In all my public and private engagements with embassies, I have never denied their right to grant or deny me their visa. No country owes me a visa.
That's where that right ends. It does not extend to minuting on my passport after a denial. I challenged an embassy over this in 2015. That was the last time they did such a thing on any Nigerian passport.
That right does not also extend to holding one's passport beyond a certain point. Other Nigerians, for whatever reason, may be comfortable with taking such disrespect, I am incapable of accommodating what I can't take. I am a Nigerian, not a docile sub-human obediently accepting whatever gets thrown at me.
That is why I will be making a proposal for serious embassies, including Nigerian embassies abroad, to adopt a new order for visa processes. It is not even a new order per se, except that it will be unfortunately new for an inordinate number of embassies and high commissions.

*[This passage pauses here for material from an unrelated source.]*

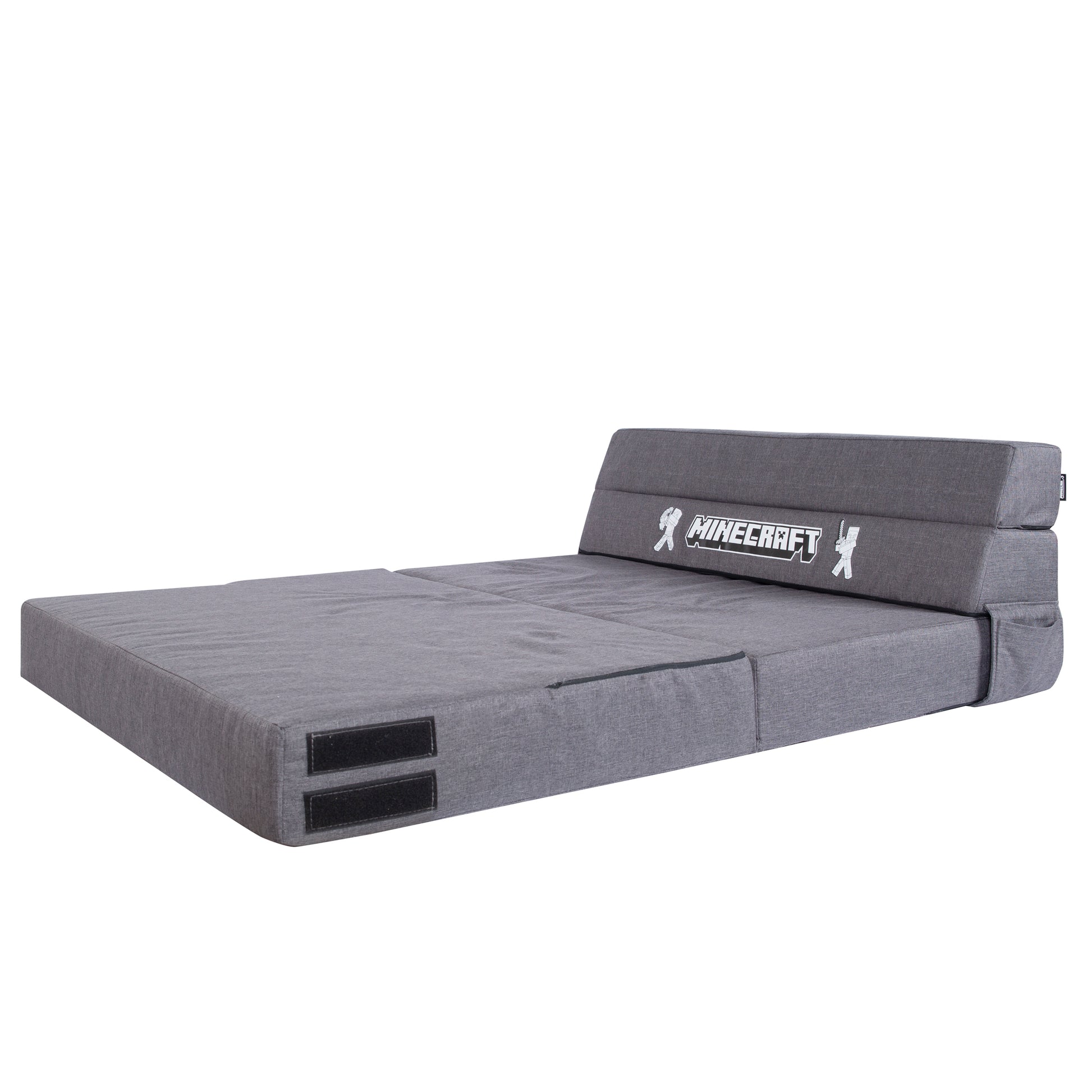 Entdecken Sie das vielseitige Klappsofa aus der Minecraft Möbelkollektion – die perfekte Kombination aus Stil, Komfort und Funktionalität! Dieses gepolsterte Sofa ist nicht nur ein gemütlicher Rückzugsort zum Entspannen, sondern lässt sich auch mühelos in ein Schlafsofa umfunktionieren, wenn Sie zusätzlichen Platz für Gäste benötigen. Das Klappsofa passt ideal unter das Kojenbett, wodurch es eine platzsparende Lösung für Kinderzimmer, Gästezimmer oder Spielzimmer bietet. Dank seiner hochwertigen Polsterung garantiert es höchsten Sitz- und Liegekomfort, während das Design von den beliebten Minecraft-Elementen inspiriert ist und jedem Raum einen spielerischen Touch verleiht. Ob als gemütliche Sitzecke zum Lesen und Spielen oder als bequemer Schlafplatz für Übernachtungsgäste – dieses Klappsofa ist ein wahres Multitalent. Mit einem Handgriff verwandeln Sie es vom Sofa in ein Bett und schaffen so im Handumdrehen zusätzlichen Schlafplatz. Bringen Sie ein Stück der Minecraft-Welt in Ihr Zuhause und genießen Sie die perfekte Mischung aus Funktionalität und Design.

PS: I saw a tweet from a CNN reporter about Nigeria charging exorbitant fees for its visas while his own country allows Nigerians easier access, I took up the matter privately with the minister in charge. He promised action on it. I didn't even reply said tweet. So, any such intervention that gets online only does so when offline efforts are deemed to have been exhausted.
Not only do I fight for easier visa processes for Nigerians, I do so for those looking to visit Nigeria. Because I know what it means to navigate these relics of days that have no place in modern times.